Back by popular demand for the ninth year, Yachad | Jewish Disabilities Integation/the National Jewish Council for Disabilities (NJCD) and Our Way are offering a PowerPoint presentation of Megillat Esther for Purim, to help foster the Inclusion of individuals with a variety of challenges.
This year, Purim falls on Sunday, February 24, with the Megillah being read Saturday night, February 23 as well.
Yachad/NJCD and Our Way are agencies of the Orthodox Union, which provide unique social, educational and recreational programs for individuals with learning, developmental and physical disabilities with the goal of their Inclusion in the total life of the Jewish community. Our Way especially provides resources, services, and social programming for the Jewish deaf and hard of hearing.
Batya Jacob, Director of Educational Support Services of Yachad, stated, “Once again Yachad/NJCD is presenting the Megillat Esther PowerPoint. Close to 200 synagogues in North America, Israel and England have already requested the DVD. This engaging program, with Hebrew and English side-by-side, used in conjunction with the Megillah reading in synagogue, allows individuals with hearing challenges, visual challenges, attention deficits, the elderly, and children of all ages to easily participate in their communities’ celebration of the holiday of Purim.”
This year, Yachad has collaborated with the OU’s Seif Jewish Learning Initiative on Campus (JLIC) program to bring the PowerPoint Megillah to college students. Special programming will be presented at Johns Hopkins, Rutgers University, University of Massachusetts-Amherst, Yale; and as a joint event by the University of Toronto and York University in Canada. The JLIC at UCLA and Los Angeles Yachad will be hosting a special Purim party, including the PowerPoint Megillah presentation. Additionally, Mount Sinai Medical Center in New York will be offering the PowerPoint Megillah for select patients.

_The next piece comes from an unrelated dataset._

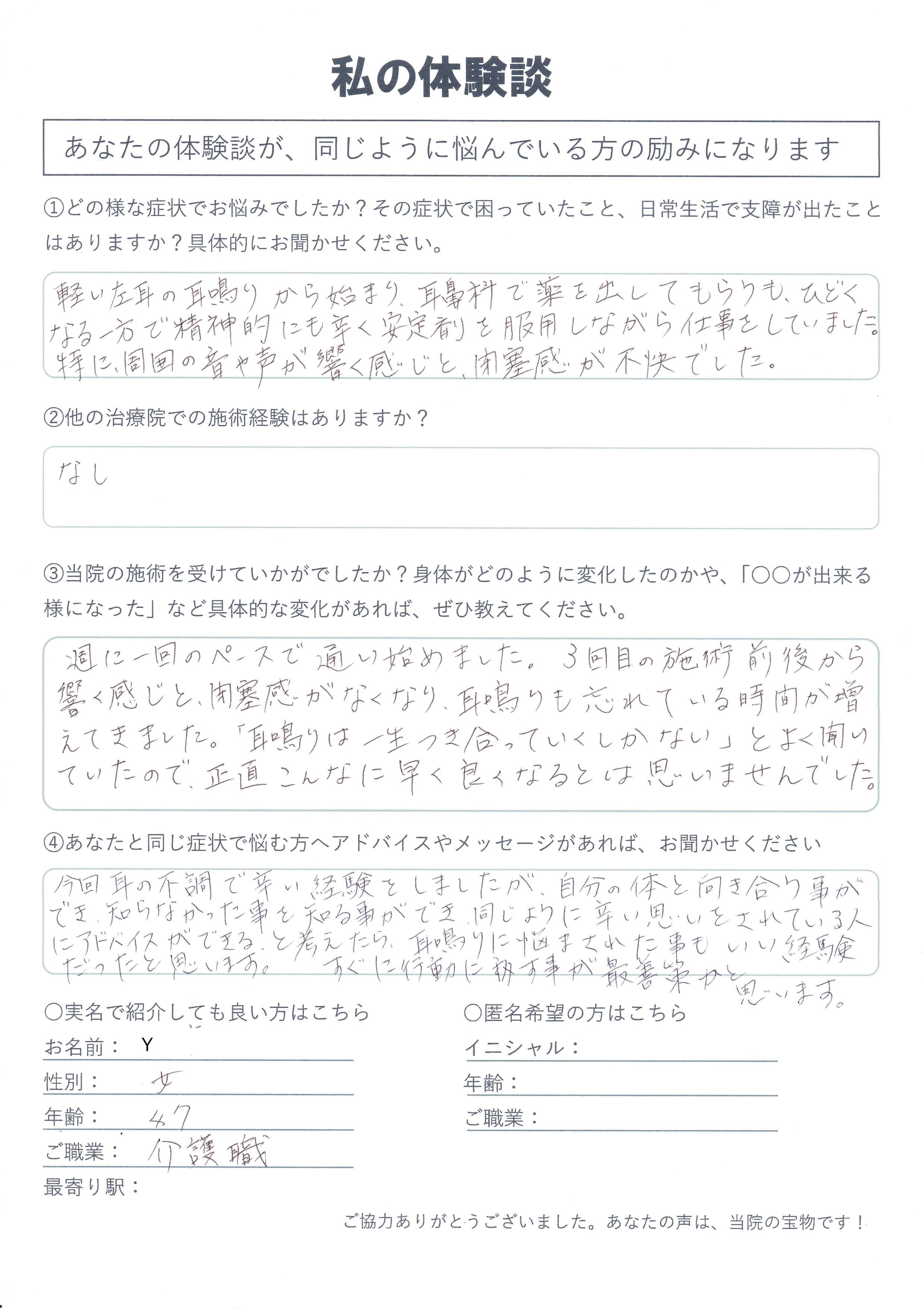 | 突発性難聴・耳鳴り・耳閉感 Y様 47歳 |

All a synagogue needs is a laptop with a projector and a screen where the disc is shown. The mouse of the computer serves as the place keeper on the screen. Text becomes color-coded for easier participation – blue text for when words should be read aloud, red text to emphasis the mention of Haman. Graphics are included, along with an option for synagogues to insert their own graphics to accompany the Purim story, allowing for an even more interactive experience.